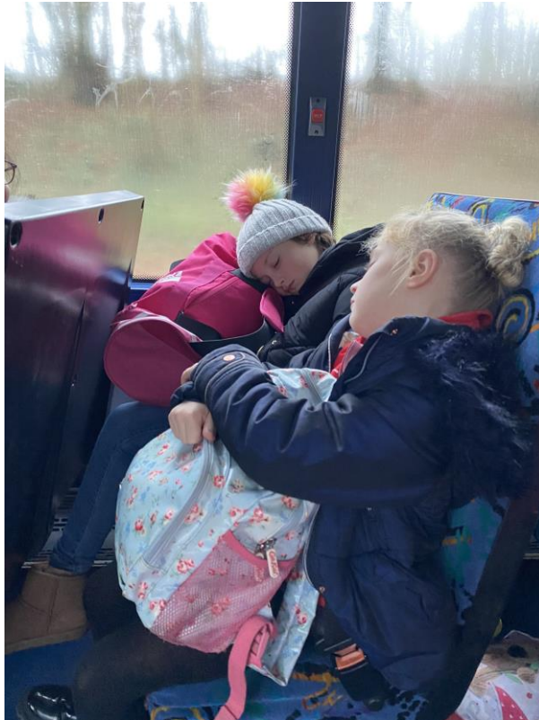
1 - Sleepy heads on the coach back!
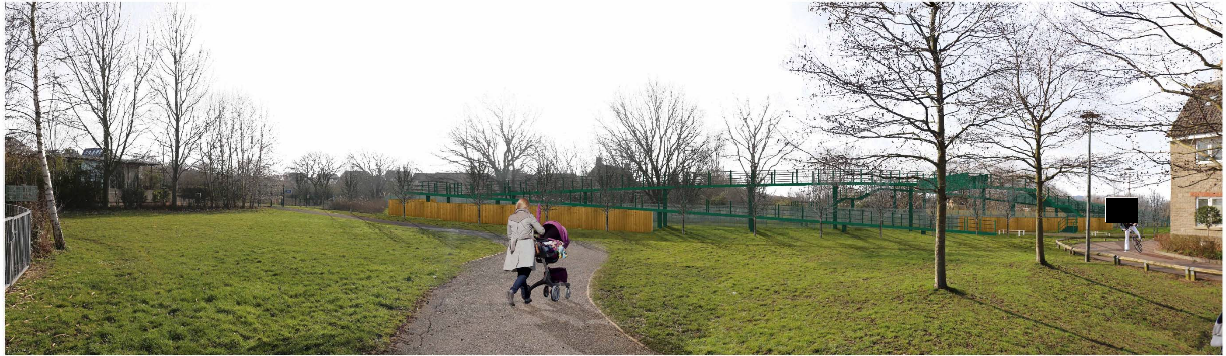
Figure 20: Bridge painted green with screens on both ramps
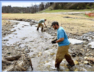
Nixon Park Stream and Riparian Buffer Restoration
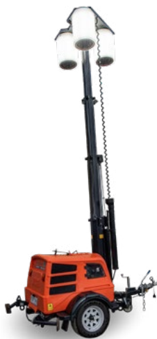
LED RANGE INCLUDES...
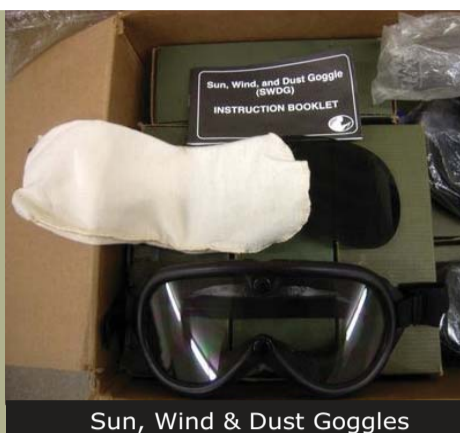
Sun, Wind & Dust Goggles
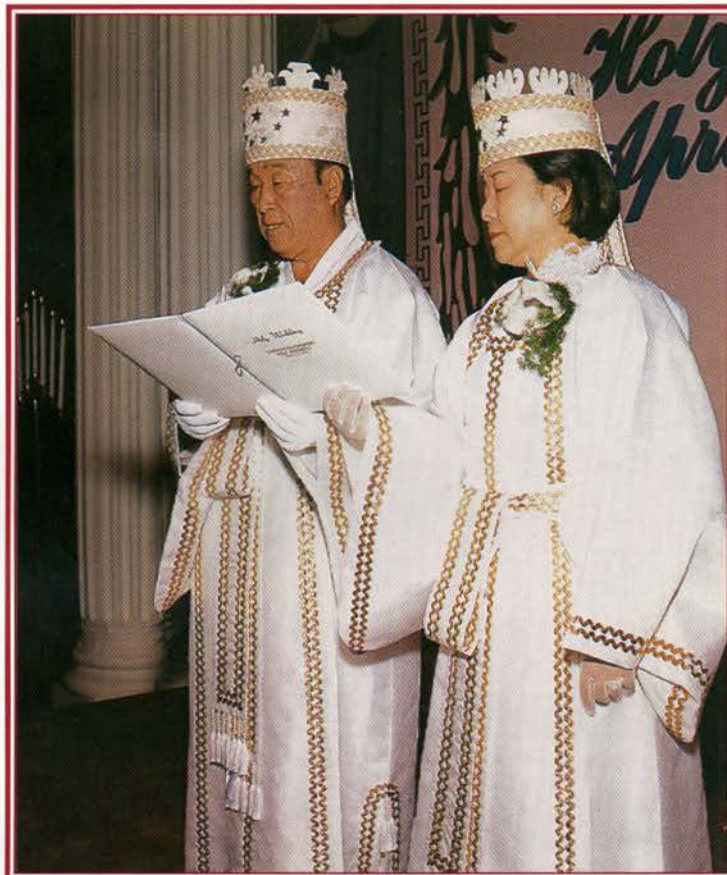
Father reads the official declaration of the blessing, as Mother listens.
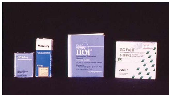
Fig. 3: Dental amalgam and IRM

··········

WHAT IS REQUIRED. Return exactly the lines of the material above, starting at the line containing "Figure 20: Bridge" and finishing at the line containing "Father reads the", without any pictures.

TASK RESULT.
Figure 20: Bridge painted green with screens on both ramps
Nixon Park Stream and Riparian Buffer Restoration
LED RANGE INCLUDES...
Sun, Wind & Dust Goggles
Father reads the official declaration of the blessing, as Mother listens.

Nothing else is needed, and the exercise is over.